Digestion (converting food into the nutrients needed to build, nourish and energize our cells) begins with the mouth. By chewing foods, we increase their overall surface area, making it easier for them to be swallowed as well as broken down by digestive enzymes, including one that's occurs already in our saliva. From there, chewed food passes quickly through the esophagus to the stomach, where muscle action and strong gastric acids work for a few hours with even more enzymes to continue breaking down the food. Next in the process comes the small intestines, where the majority of digestion and absorption occurs. From there, primarily the wastes head to the large intestines, while nutrients are directed to the liver where they're converted into chemicals that are needed to nourish our body.

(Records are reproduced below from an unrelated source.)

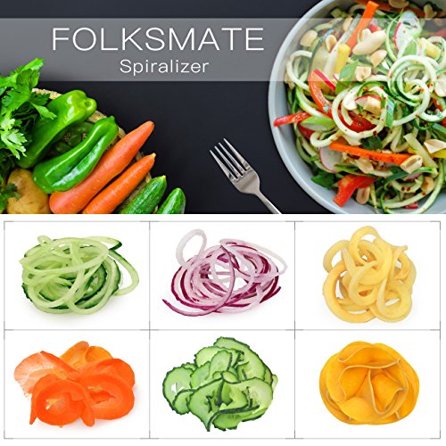 Spiralizer Vegetable Slicer, Folksmate Mandoline Slicer with Strong Stainless Steel Spiral 3-Blade, Best Veggie Pasta Spaghetti Make for Low Carb / Paleo / Gluten-Free
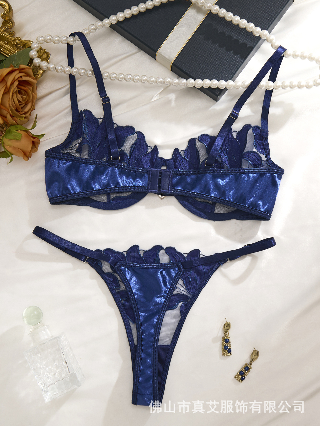 Z欧美爆款大码情感趣味内衣透明花朵刺绣性感纯欲情趣内衣套装31
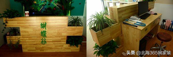 說完墻面的森林系背景墻后,前臺這個類似俄羅斯方塊的收銀臺,真的太有個性。不過小編再看看感覺,有點像蝴蝶的樣子(可能給名字洗腦了)。嚴工告訴妞妞,剛開始老板娘的需求是前臺不要那么呆板,帶動作感,又要有自然的氣息。結(jié)果嚴工和老板娘討論一個星期才確定這樣設(shè)計。
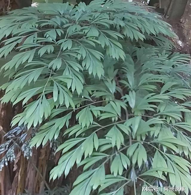 这两棵树的叶片长得像羽毛,形状非常大,粗壮的黑褐色树干,盘大哥觉得它们长得太好看了,没有多想就挖回家种到院子里观赏。
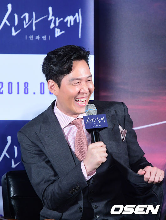 이정재는 6일 오전 서울 롯데시네마 건대입구에서 열린 ‘신과함께-인과 연’ 제작보고회에서 영화에 대한 이야기를 전했다.
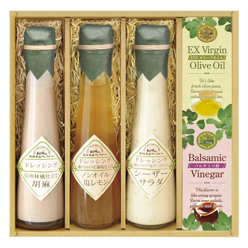 【内容】 2種のイタリア産チーズ仕立てシーザーサラダドレッシング、瀬戸内の花藻塩仕立てノンオイル塩レモンドレッシング、信州林檎仕立て胡麻ドレッシング(各約120ml)×各1、エクストラバージンオリーブオイル(約8g)、バルサミコ酢(約3. 3ml)×各3
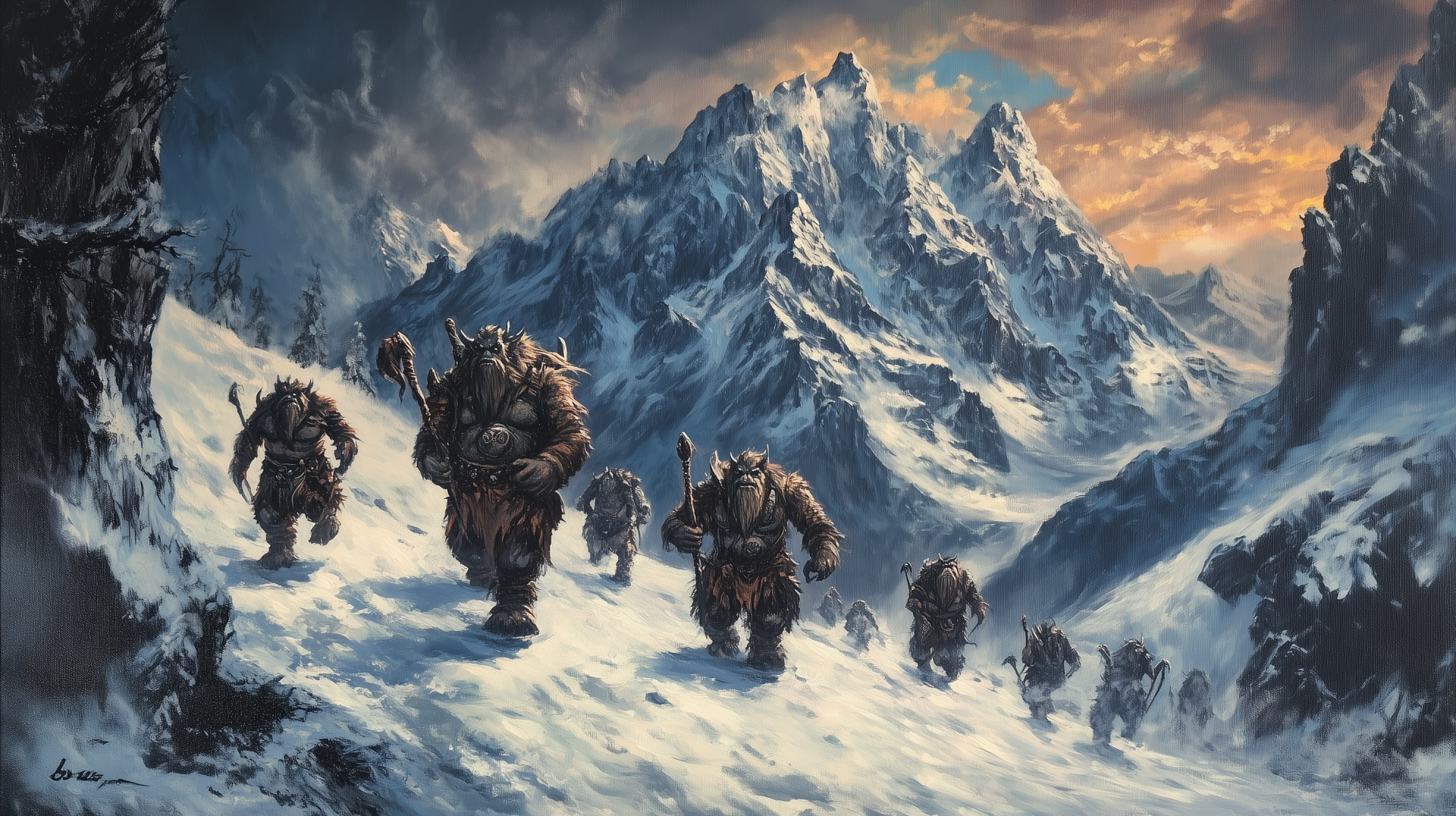 This illustration features a whimsical scene of trolls and giants traversing a snowy mountain pass. The vibrant colors and dynamic figures evoke a sense of adventure and fantasy.
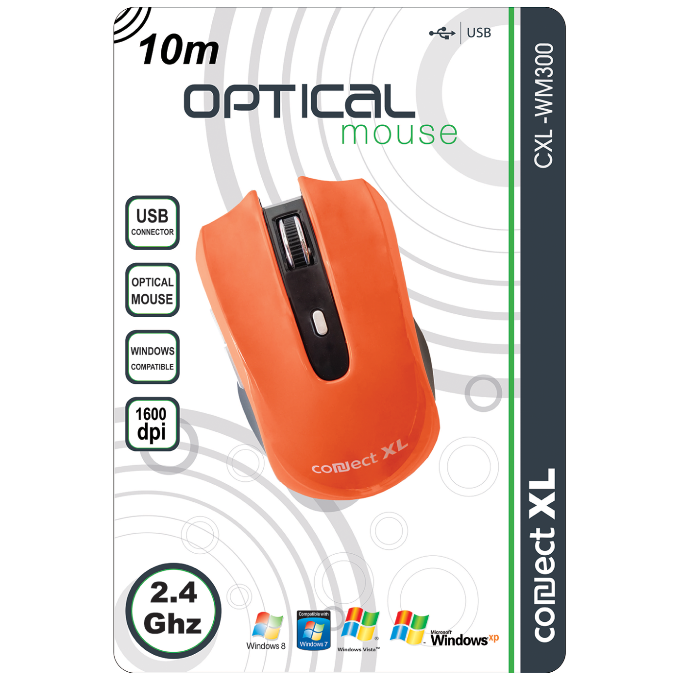Connect XL Miš bežični, 1600dpi domet 10 met, narandžasta boja – CXL-WM300
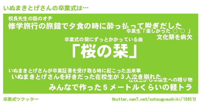 | ツイッター | いぬまきとげさんのツイッターID『fukuyoka_man』 |
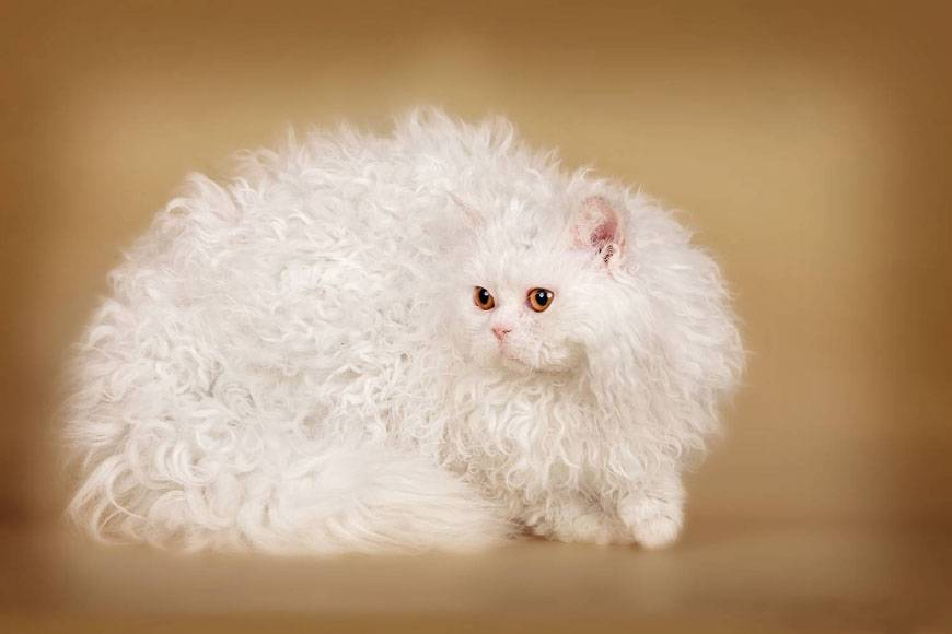 Белый кот с жёлтыми глазами породы селкирк-рекс похож на очаровательную овечку или пушистое облачко — каждый волосок такой кошки имеет мягкий завиток, придавая шубке объём и волнистую структуру. В отличие от других рексовых пород, селкирк отличается более крупным и тяжёлым костяком, слегка недовольным выражением мордочки и миролюбивым, ласковым характером. Селкирк-рекс может быть как длинношёрстным, так и короткошёрстным.

Other organs involved in producing, storing or secreting digestive juices include the pancreas, gallbladder and even parts of the nervous and circulatory system. It can take from 24-72 hours for a meal to pass through the complete digestive system -- depending on the individual, what was eaten and the size of the meal.

General tips for maintaining healthy digestion include:

  • Eat a healthy diet, including plenty of fiber which can be found in fruit, whole grain products and vegetables.
  • Stay hydrated by drinking plenty of water.
  • Don't smoke.
  • If you drink alcohol, do so only in moderation since alcohol abuse is the greatest risk factor for developing digestive problems.
  • Maintain a healthy body weight.
  • Get regular exercise.
  • Limit your stress.
  • Avoid foods that may disagree with you. Common offenders often include chocolate, caffeine and carbonated beverages. In addition, since specific enzymes are required in order to digest certain foods, problems such as lactose intolerance and celiac disease (allergy to gluten found in many grain products) can result if your body is lacking in certain enzymes.
  • Be conscious of how certain medications may effect your digestion process.
  • Avoid overeating. One tip for accomplishing this is to eat slowly and chew your food well. Not only may this make you feel fuller, it may also help your energy level.
  • If you need to go to the bathroom -- go. Waiting can increase your chances of getting constipated.
  • Keep your hands clean, to remove germs which may cause diarrhea.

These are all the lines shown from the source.